Sarah Bergmann, Andrea Schlesier-Michel, Verena Wendt, Matthias Grube, Anja Keitel-Korndörfer, Ruth Gausche, Kai von Klitzing, Annette M. Klein

Abstract

Maternal obesity has been shown to be a risk factor for obesity in children and may also affect children's psychosocial outcomes. It is not yet clear whether there are also psycho-emotional mechanisms explaining the effects of maternal weight on young children's weight and psychosocial development. We aimed to evaluate whether maternal body mass index (BMI), mother-child emotional availability (EA), and maternal parenting stress are associated with children's weight and psychosocial development (i.e., internalizing/externalizing symptoms and social competence) and whether these predictors interact with each other. This longitudinal study included three assessment points (~11 months apart). The baseline sample consisted of N = 194 mothers and their children aged 5-47 months (M = 28.18, SD = 8.44, 99 girls). At t 1, we measured maternal weight and height to calculate maternal BMI. We videotaped mother-child interactions, coding them with the EA Scales (fourth edition). We assessed maternal parenting stress with the Parenting Stress Index (PSI) short form.
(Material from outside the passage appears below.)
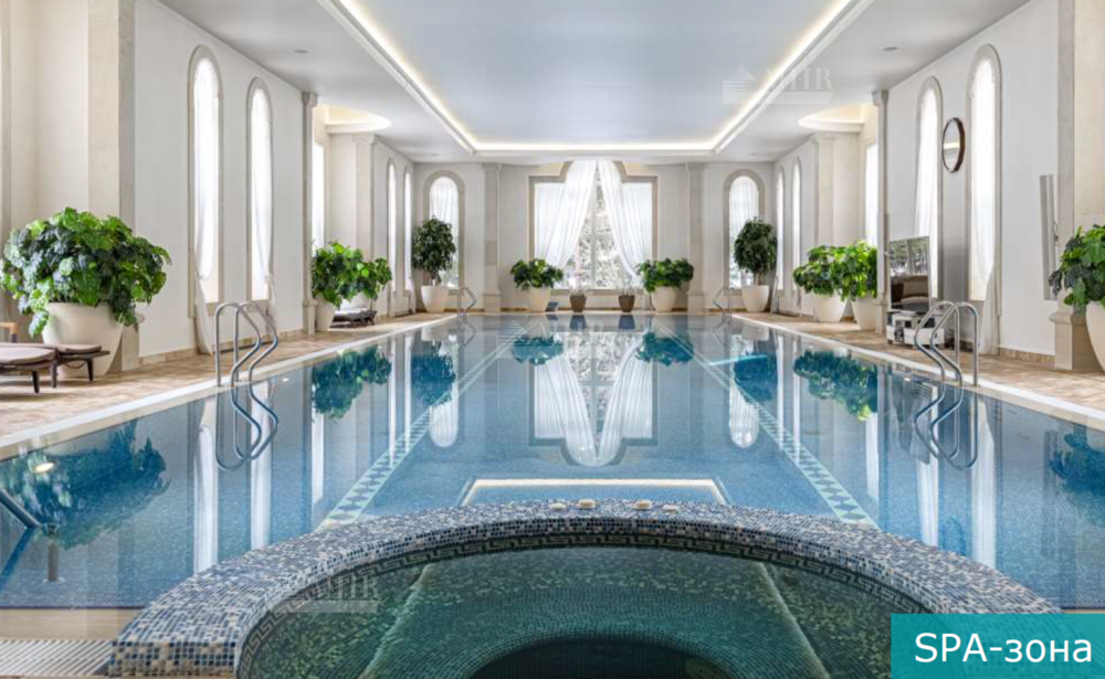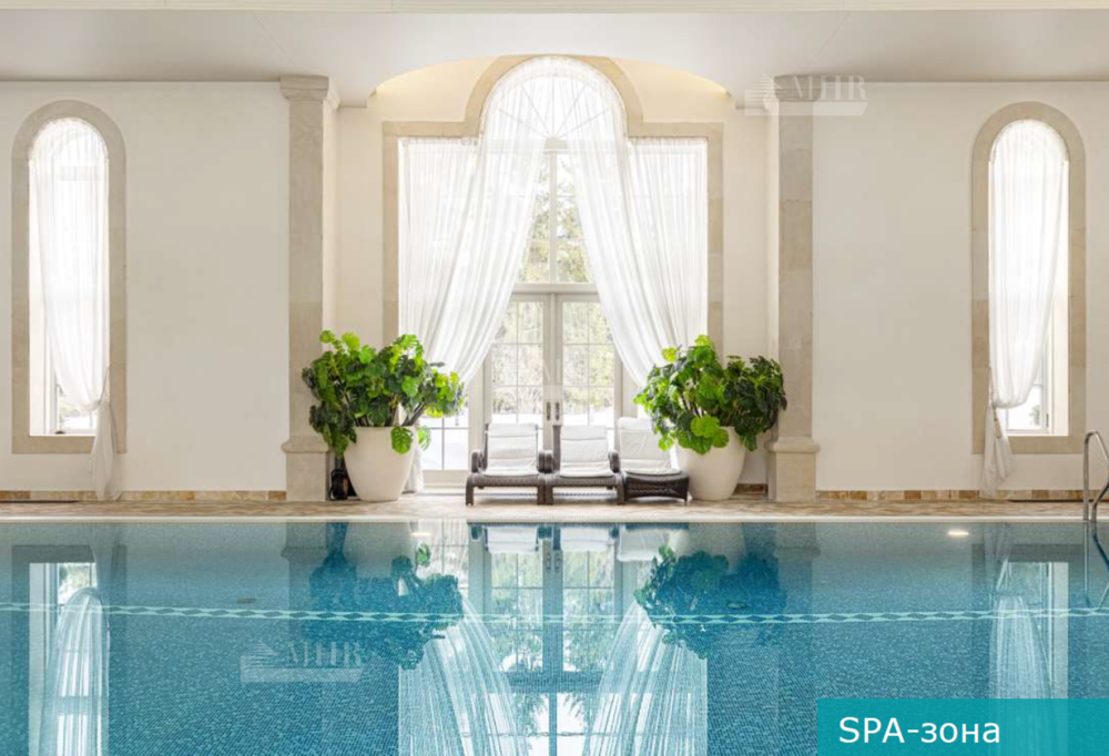 жизни: прекрасная двусветная гостиная с камином, шесть спален, девять санузлов, шикарная spa-зона с бассейном, сауной и хаммамом, тренажерный зал,

At t 1 to t 3, we measured height and weight of children and calculated BMI-SDS scores. Children's externalizing and internalizing problems (t 1-t 3) and social competence (t 3, N = 118) were assessed using questionnaires: Child Behavior Checklist (CBCL 1.5-5), Strengths and Difficulties Questionnaire (SDQ: prosocial behavior), and a checklist for behavioral problems at preschool age (VBV 3-6: social-emotional competence). By applying structural equation modeling (SEM) and a latent regression analysis, we found maternal BMI to predict higher BMI-SDS and a poorer psychosocial development (higher externalizing symptoms, lower social competence) in children. Higher parenting stress predicted higher levels of externalizing and internalizing symptoms and lower social competence. Better maternal EA was associated with higher social competence. We found parenting stress to serve as a mediator in the association between maternal weight and children's psychosocial outcomes. Moreover, children of mothers with an elevated BMI were at greater risk of lower social competence only when their mothers showed low levels of maternal EA (moderation). Interventional studies are needed that investigate the causal pathways between parenting stress, mother-child interaction quality and child outcomes. These aspects might be targets to improve the psychosocial development of the offspring of overweight or obese mothers.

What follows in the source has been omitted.